电气化的趋势推动了对改进的软磁材料的需求,这些材料可以在前所未有的开关频率和功率水平组合下工作,以及高功率密度但极高效的工程组件。 这些趋势也为美国国内创造了重大的新经济机遇,包括电动汽车、混合动力飞机和分布式可再生能源发电等。 拟议的电力和能源发展先进磁性中心(AMPED)的主要重点将是高功率磁性的关键领域,以及与该应用类别中已建立和新兴电机拓扑和设计的接口优化。 作为一个国家和经济体,成功应对挑战并利用这些机会需要跨学科的技能,包括材料科学,应用物理和电气工程,以及组件(电机,变压器,电感器等)最终用户之间的合作。以及材料和制造业。 拟议的AMPED中心旨在满足未来新一代跨学科劳动力的需求,这些劳动力准备并渴望接受电气化和电力转换技术增长所带来的新挑战。
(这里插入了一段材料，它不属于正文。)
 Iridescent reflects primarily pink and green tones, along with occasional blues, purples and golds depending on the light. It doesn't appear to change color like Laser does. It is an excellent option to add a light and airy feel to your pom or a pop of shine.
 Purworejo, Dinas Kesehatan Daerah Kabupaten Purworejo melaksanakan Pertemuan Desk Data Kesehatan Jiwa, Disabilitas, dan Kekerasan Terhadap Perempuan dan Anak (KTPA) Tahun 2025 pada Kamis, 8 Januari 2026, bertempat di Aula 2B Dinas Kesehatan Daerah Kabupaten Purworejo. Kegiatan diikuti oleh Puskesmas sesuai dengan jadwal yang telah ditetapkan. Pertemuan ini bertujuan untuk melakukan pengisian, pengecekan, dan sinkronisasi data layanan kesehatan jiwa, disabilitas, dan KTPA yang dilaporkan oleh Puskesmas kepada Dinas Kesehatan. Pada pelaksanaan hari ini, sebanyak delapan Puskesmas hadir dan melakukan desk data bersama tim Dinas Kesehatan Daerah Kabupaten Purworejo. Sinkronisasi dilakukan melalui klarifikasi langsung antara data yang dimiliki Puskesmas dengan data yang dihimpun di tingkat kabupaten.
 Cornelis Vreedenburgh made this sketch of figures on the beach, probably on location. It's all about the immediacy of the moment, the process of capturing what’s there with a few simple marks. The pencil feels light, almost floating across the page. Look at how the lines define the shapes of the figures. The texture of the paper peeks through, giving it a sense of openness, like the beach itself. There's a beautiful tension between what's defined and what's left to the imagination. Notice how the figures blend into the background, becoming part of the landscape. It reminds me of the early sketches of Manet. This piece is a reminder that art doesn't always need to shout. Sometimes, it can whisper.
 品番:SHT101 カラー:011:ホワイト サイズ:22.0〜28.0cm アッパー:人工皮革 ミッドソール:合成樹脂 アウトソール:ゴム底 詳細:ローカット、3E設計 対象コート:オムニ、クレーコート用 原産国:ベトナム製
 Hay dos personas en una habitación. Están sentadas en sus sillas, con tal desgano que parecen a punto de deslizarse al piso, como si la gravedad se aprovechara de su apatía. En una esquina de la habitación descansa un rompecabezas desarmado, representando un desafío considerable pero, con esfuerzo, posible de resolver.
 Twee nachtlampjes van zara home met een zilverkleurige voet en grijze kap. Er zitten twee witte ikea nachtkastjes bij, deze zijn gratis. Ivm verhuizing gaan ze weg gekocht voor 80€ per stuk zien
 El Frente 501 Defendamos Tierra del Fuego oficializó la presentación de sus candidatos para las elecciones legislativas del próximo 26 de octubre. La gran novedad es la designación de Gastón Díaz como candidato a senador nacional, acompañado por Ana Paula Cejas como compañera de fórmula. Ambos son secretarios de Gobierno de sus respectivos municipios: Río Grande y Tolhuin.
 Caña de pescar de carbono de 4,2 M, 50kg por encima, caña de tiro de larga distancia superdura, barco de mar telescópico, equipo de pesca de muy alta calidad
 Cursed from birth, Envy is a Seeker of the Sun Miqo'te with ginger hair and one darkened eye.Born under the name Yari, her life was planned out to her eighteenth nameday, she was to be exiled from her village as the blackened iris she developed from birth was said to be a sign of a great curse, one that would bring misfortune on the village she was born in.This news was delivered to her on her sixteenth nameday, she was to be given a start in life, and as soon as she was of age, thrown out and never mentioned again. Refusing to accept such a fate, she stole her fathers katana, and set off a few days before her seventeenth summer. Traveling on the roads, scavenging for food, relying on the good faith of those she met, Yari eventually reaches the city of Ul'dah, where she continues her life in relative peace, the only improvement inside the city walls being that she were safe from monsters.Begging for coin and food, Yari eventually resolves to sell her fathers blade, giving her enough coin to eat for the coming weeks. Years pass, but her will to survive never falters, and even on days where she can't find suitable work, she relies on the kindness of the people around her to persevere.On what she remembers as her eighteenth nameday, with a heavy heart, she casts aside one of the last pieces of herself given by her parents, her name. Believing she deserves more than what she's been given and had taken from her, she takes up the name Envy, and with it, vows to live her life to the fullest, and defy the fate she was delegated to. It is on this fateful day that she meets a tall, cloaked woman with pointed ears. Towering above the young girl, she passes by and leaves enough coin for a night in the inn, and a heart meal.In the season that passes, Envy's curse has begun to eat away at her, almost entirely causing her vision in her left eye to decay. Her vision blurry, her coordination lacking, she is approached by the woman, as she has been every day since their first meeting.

AMPED组合中的主要研究重点领域包括:(1)用于宽带隙和超宽带隙半导体的新的磁性材料和制造,(2)先进的电机设计概念,(3)用于磁性部件的新的设计和优化技术,(4)宽带隙电力电子转换器和磁性元件之间的相互作用,(5)由下一代磁性元件实现并利用下一代磁性元件的先进电力电子转换器拓扑,例如,多端口功率转换,以及(6)可调谐和可变磁性技术及其在先进功率转换方案中的应用。 计划在研究中心之间开展强有力的合作,每个机构都具有独特的能力:卡内基梅隆大学-非晶和纳米晶磁性材料与制造,北卡罗来纳州州立大学-基于宽带隙的半导体电力电子和高速电机控制与测试,匹兹堡大学-基于铁氧体的软磁材料和电磁场辅助的先进制造,组件设计策略,和磁性/电力电子接口。 匹兹堡大学将作为牵头单位,确保新兴磁性材料和制造技术与先进磁性元件设计的集成,并最终与电机集成。 更具体地说,匹兹堡大学将利用其研究能力和设施,包括:(1)新型软磁材料的设计,合成和表征;(2)先进的制造工艺,包括电磁场辅助加工和增材制造;(3)多个-先进磁性元件及其与电力电子变换器接口的基于目标优化和机器学习的设计方法和马达;(4)电力电子和电机硬件原型开发;以及(5)磁性元件、电力电子转换器、高速电机和控制器的测试和表征。 匹兹堡大学为中压电力转换研究和开发提供设施(高达15 kV,5 MVA)以及全尺寸磁性材料和组件制造,设计,该奖项反映了NSF的法定使命,并被认为值得通过使用基金会的知识价值和更广泛的影响审查进行评估来支持的搜索.
项目成果
期刊论文数量(0)
专著数量(0)
科研奖励数量(0)
会议论文数量(0)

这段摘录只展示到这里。